Today the corruption happened twice! ARRRRRRRRRRRR.

11/12/2019 @ 11:37:33
-
Checking Jobsheets0000.md Start=57000 End=59532
-
Checking Invoices0000.md Start=66000 End=67875
-
Checking CreditNotes0000.md Start=4000 End=4079
-
Checking Purchases0000.md Start=87000 End=91179
-
Checking CollectionNotes0000.md Start=51000 End=55032
54664 is duplicated
54665 is duplicated
54666 is duplicated
54667 is duplicated
54668 is duplicated
54669 is duplicated
54670 is duplicated
54671 is duplicated
54672 is duplicated
54673 is duplicated
51375 '{ }' mismatch
51376 is missing
51377 is missing
51378 is missing
51379 is missing
51380 is missing
51381 is missing
51382 is missing
51383 is missing
51384 is missing
51385 is missing
-
Checking Production0000.md Start=1000 End=3023
-

Re: A few questions regarding Files and Linked Lists

Posted: Thu Dec 12, 2019 6:28 pm
by kpeters58
Hmm - that sounds very much like an issue I had for the longest time years ago (a number of radiology clinics with up to 10 PCs each writing image metadata to a central location).
It would go well for up to a week or longer, but eventually "wondrous" things would happen: Duplicate lines, missing lines, garbage lines - some sort of file corruption.

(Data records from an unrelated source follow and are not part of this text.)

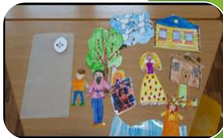
Рисуем свои сказки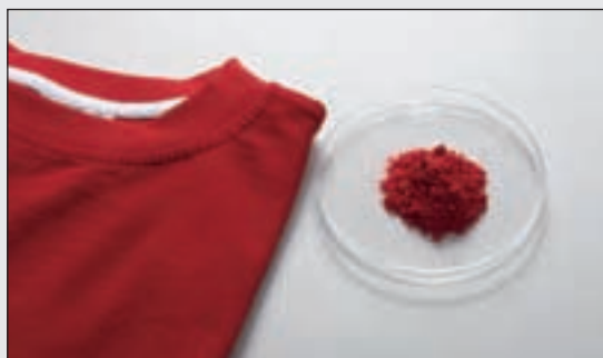
Брикетированные элементы из KBr для исследования проб волокон

Для исследования волокон при помощи инфракрасной спектроскопии мельница PULVERISETTE 23 обеспечивает идеальную подготовку пробы для создания гомогенных брикетированных элементов из бромида калия (KBr). При добавлении 20 мг KBr она за 3 минуты измельчает пробу в гомогенный порошок. При добавлении еще 250 мг KBr, который в течение 90 секунд также был измельчен в PULVERISETTE 23, измельченная проба в течение 30 секунд продолжает измельчаться и гомогенизироваться.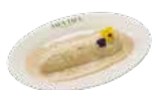
Cannelloni classici con bechamel tartufata 6,50€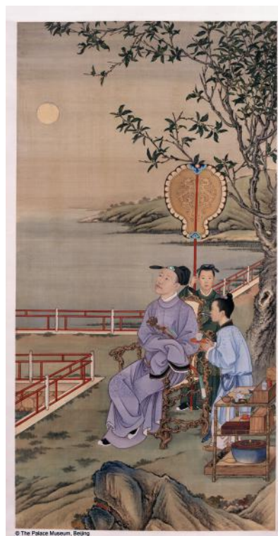
Pergamino de Emperador Qianlong contemplando la luna

Los hijos más jóvenes del emperador asistían a clases con los eruditos confucianos aprendiendo lengua china, caligrafía y filosofía. El que resultara emperador, debía tener un gran dominio de la palabra escrita, al igual que el resto de sus familiares que terminarían como funcionarios de gobierno.

In the end, I did give up and rewrote it to use a database server (in their case I was able to use SQLite with a retry loop around the writes to handle SQLite's locking) - it works flawlessly to this day (10+ years). The clinics each only have an average of < 200 patients a day, so the locking conflicts almost never arise and if they do, my retry loop handles them easily. I use SQLite's in-memory tables locally, so I get all the integrity checking I put in the DDL for free (such as unique constraints etc.)

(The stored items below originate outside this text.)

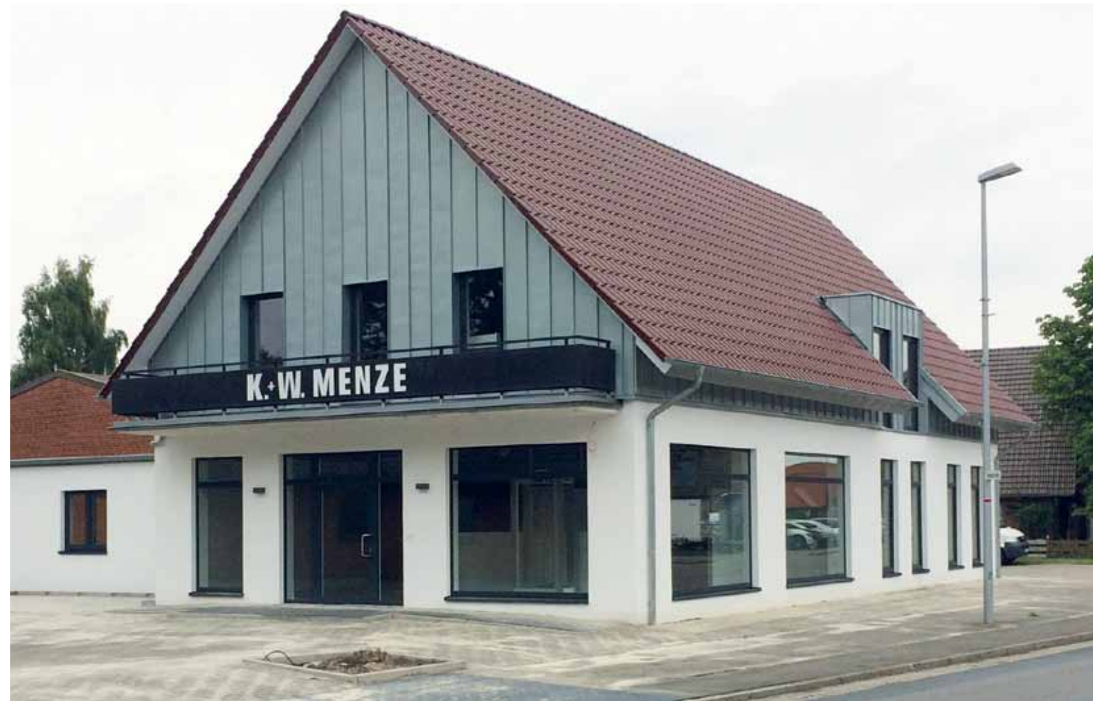
Hier ist jetzt die Firma Menze Haustechnik ansässig: Hauptstraße 27

Nach fast 90 Jahren Firmengeschichte an der Hauptstr. 23 zog die Firma Menze Haustechnik 200 Meter weiter in die Hauptstr. 27 gegenüber den ansässigen Dienstleistern um.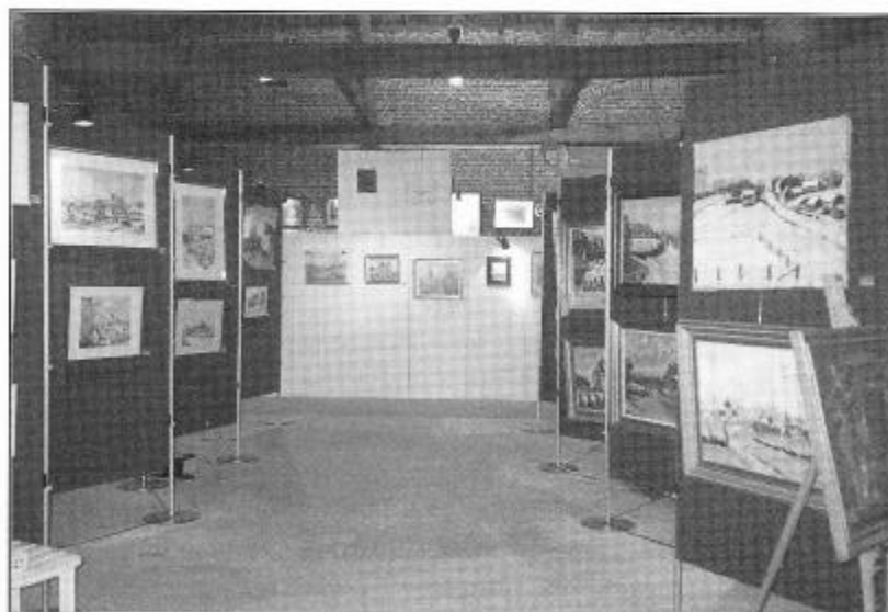
Heemkundige Kring van Gooik

Onderaan een mooi beeld van de tentoonstelling in de Schuur van De Cam, rechts heel wat interesse op de vernissage van vrijdagavond.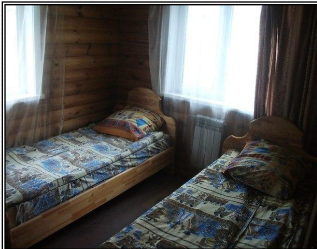
Рисунок 13 - домик вид внутри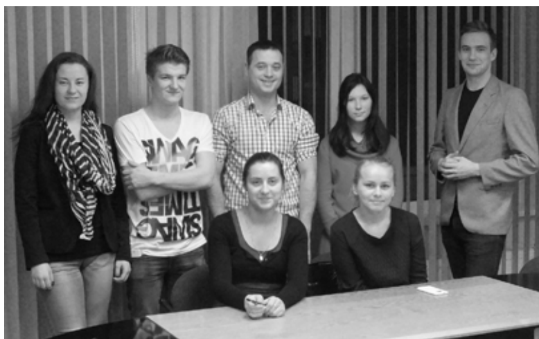
Jauniešu konsultatīvās padomes pirmās sanāksmes dalībnieki.

Padomes sastāvā ietilpst jaunatnes lietu speciālists, četri novada skolu, pieci nevalstisko organizāciju, divi neformālo jauniešu apvienību pārstāvji. Uz sanāksmēm, atkarībā no jautājumu specifikas, aicinās arī kādu no domes deputātiem. Darbojoties padomē, jauniešiem ir jāizstrādā priekšlikumi par politiskiem, ekonomiskiem,

Your app sounds like it might be way more I/O intensive - in that case I would have chosen a real multi-user DB like PostgreSQL or MySQL/MariaDB.

Re: A few questions regarding Files and Linked Lists

Posted: Fri Dec 13, 2019 3:14 am
by Rinzwind
Just a generic hint.. write a basic test client that reads and writes sequentially and randomly. Run multiple instances. And/or use threads to simulate simultaneous access. Try to replicate the issue in its most basic way.